ContinuousCaptureAllFormats example:

1. Opens a MATRIX VISION device.
2. Snaps images with all available pixel formats (without display using Linux).

Console Output

[0]: BF000306 (mvBlueFOX-202C, Family: mvBlueFOX, interface layout: DeviceSpecific)

Please enter the number in front of the listed device followed by [ENTER] to open it: 0
Using device number 0.
Initialising the device. This might take some time...
Please note that only the window displaying the converted image will display correct
images all the time. The other window will simply blit the raw image data in the client
area. This is faster but e.g. for 12 bit mono data or YUV data will result in unexpected
results. For planar formats e.g. just the first plane might be visible.
For certain other formats the unconverted window might even blit no data at all.

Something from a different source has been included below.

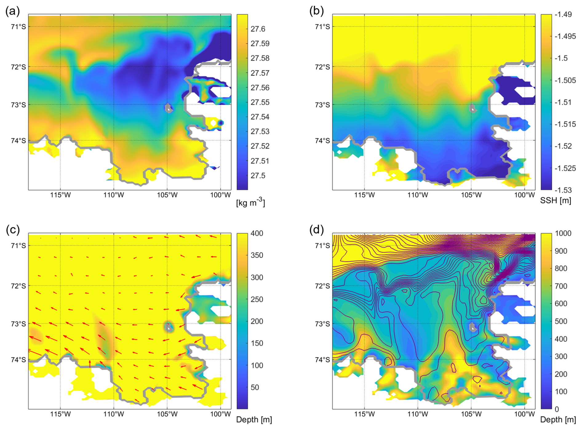 Figure 5Climatology (1979 through 1982) of the Amundsen Sea configuration. (a) potential density [kg m−3] referenced to the surface, vertically averaged over the top 310 m with shallower regions masked; (b) sea-surface height [m]; (c) wind stress vectors [N m−2]; (d) barotropic streamfunction contours [0.1 Sv intervals]. The bottom depth [m] is superimposed in panels (c) and (d). The depth range in panel (c) chosen to highlight the location of the shallow Bear Ridge and a wider depth range in panel (d) to highlight the alignment of streamlines and topography. The ice shelf edge is marked by the thick gray line.

This e.g. will be the case for 10-16 bit RGB packed data.
The following formats are available:
[0]:  Auto
[1]:  Raw
[2]:  Mono8
[6]:  Mono10
[7]:  Mono12
[28]: Mono12Packed_V1
[19]: Mono12Packed_V2
[8]:  Mono14
[9]:  Mono16
[22]: BGR888Packed
[23]: BGR101010Packed_V2
[10]: RGB888Packed
[14]: RGB101010Packed
[15]: RGB121212Packed
[16]: RGB141414Packed
[17]: RGB161616Packed
[3]:  RGBx888Packed
[30]: RGB888Planar
[5]:  RGBx888Planar
[29]: YUV411_UYYVYY_Packed
[4]:  YUV422Packed
[18]: YUV422_UYVYPacked
[20]: YUV422_10Packed
[21]: YUV422_UYVY_10Packed
[24]: YUV444_UYVPacked
[25]: YUV444_UYV_10Packed
[26]: YUV444Packed
[27]: YUV444_10Packed
[13]: YUV422Planar
Currently using Auto. Press [ENTER] to switch to the next format
Info from BF000306: FramesPerSecond: 28.655655, ErrorCount: 0, CaptureTime_s: 0.103982, OK
Info from BF000306: FramesPerSecond: 28.655673, ErrorCount: 0, CaptureTime_s: 0.103329, OK

How it works

The continuous acquisition is similar to the single capture. The only major difference is, that this sample continuously requests images from the device.

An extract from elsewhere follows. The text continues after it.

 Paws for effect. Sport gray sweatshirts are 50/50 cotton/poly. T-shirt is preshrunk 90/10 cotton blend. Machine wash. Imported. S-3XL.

However the general stuff (selection of a device etc.) is similar to the SingleCapture.cpp source example. The sample initializes two display windows for the raw and the converted data when creating an instance of the ThreadParameter structure:

ThreadParameter threadParam( pDev, windowTitle );

The thread callback as shown in the ContinuousCapture.cpp example updates the displays and after pressing any key the next pixel format will be shown:

// raw (this might not always display a correct image but is fast and for certain applications the raw data will be the data to process
// IMPORTANT: In this example this display does indirectly store a raw pointer to request data right in the next line! When using the 'RequestProvider' class this
// is NOT allowed. Only because the other display does store the shared_ptr<Request> this can be done here!
threadParameter.dispRaw_.GetImageDisplay().SetImage( pRequest->imageData.read(), pRequest->imageWidth.read(), pRequest->imageHeight.read(), pRequest->imagePixelPitch.read() * 8, pRequest->imageLinePitch.read() );
threadParameter.dispRaw_.GetImageDisplay().Update();
 
// converted. This might be slower as conversions might be needed but will display a correct image (that is not necessarily the data
// transferred from the device) e.g. 12 bit mono data can't be displayed directly
threadParameter.dispConverted_.GetImageDisplay().SetImage( pRequest );
threadParameter.dispConverted_.GetImageDisplay().Update();

After the last pixel format the application stops after a last click on any key.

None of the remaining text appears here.